Сложная структура космоса, объясняемая навозником-отцом, не раз претерпевает дополнения. Став насекомыми, мальчик с отцом оказываются скарабеями: в этом и заключается инициация. Мальчик теряет отца, оба превращаются уже в два шара, сливаясь своим сознанием с окружающим миром и своим Йа. Так молодой навозник познает круговорот собственной и любой жизни.
«Наступила тьма, а когда мальчик пришел в себя, его уже поднимала вверх та самая навозная полусфера, которая только что придавила его к бетону.
– Доброе утро, – послышался папин голос. – Как спалось?
– Что же это такое, папа? – спросил мальчик, пытаясь перебороть головокружение.
– Это жизнь, сынок, – ответил отец» [С. 147].
Становится очевидной демонстрируемая в яркой иллюстративной форме влиятельная мифологема, условно называемая «жизнь – дерьмо». Помимо того, что она есть кольцеобразная структура, круговорот, тавтологически повторяющийся день за днем и ничего не обещающий впереди, но все-таки достойный любви.
«– И всю жизнь так, башкой о бетон…
– Но все-таки жизнь прекрасна, – с легкой угрозой сказал отец» [С. 148].
Поколения неизбежно теряют друг друга в тумане, и из него же – из «тумана непознанного» (которое суть все недоступное пониманию этого не признающего чуждого скарабейского сознания) – появляется и несущая смерть зрелому скарабею нога в красной туфле.
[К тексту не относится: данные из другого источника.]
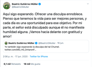 Chumel Torres fue señalado por la esposa del presidente Andrés Manuel López Obrador, Beatriz Gutiérrez Müller en redes sociales donde manifestó su descontento por la participación de Chumel Torres luego de que el comediante hiciera comentarios burlones sobre el hijo del mandatario mexicano.

Только это событие способно отвлечь сына от «навоза обыденного», но стезя обрекает совершившего над собой инициацию скарабея на круговорот существования, и вот уже «жизнь входит в свое русло»:
« Йа вырасту большой, женюсь, у меня будут дети, и Йа научу их всему, чему меня научил папа. И Йа буду с ними таким же добрым, каким он был со мной, а когда Йа стану старым, они будут обо мне заботиться, и все мы проживем долгую счастливую жизнь, – думал он, просыпаясь и поднимаясь по плавной окружности навстречу новому дню движения сквозь холодный туман по направлению к пляжу» [С. 151]. К пляжу, являющему собой вариант мифологемы личного счастливого будущего.
Но внушения отца-скарабея сыну – еще и утверждение единственно возможного взгляда на жизнь, исключающее вероятность плюрализма: «Йа есть у всех насекомых. Собственно говоря, насекомые и есть их Йа. Но только скарабеи в состоянии его видеть. И еще скарабеи знают, что весь мир – это тоже часть их Йа, поэтому они и говорят, что толкают мир перед собой.
– выходит, все вокруг тоже навозники? Раз у них есть Йа?
– Конечно. Но те навозники, которые про это знают, называются скарабеями. Скарабеи – это те, кто несет древнее знание о сущности жизни, – сказал отец и похлопал лапкой по шару» [С. 146].
Таким образом, перед реципиентом текста оказывается изображение «центрального человеческого мифа», основанного на природном антропологизме и сводящегося к признанию собственной картины мира (индивидуального метарассказа о мире) единственно аутентичной. Но зрелость, к которой приходишь после инициации, – это еще и ограниченность. До нее были пляж и что-то вообще проступало из тумана, а навоз шара, в таком случае, – твои правила поведения в мире, которые весь этот мир и есть. Таков своеобразный комментарий к представлению о мире как совокупности его картин в сознании отдельного человека. Информация об окружающем – это само окружающее.
(Ситуация, при которой одно «насекомое» является для другого «человеком», т.е. чем-то большим, действующим подобно року, стихии, оказывается важна в данном контексте. Таким образом демоническая красная туфля, раздавившая Большой Шар, была одета на ножку Марины, молодой муравьиной мухи. И это становится еще одним примером реализации мифа о Другом.)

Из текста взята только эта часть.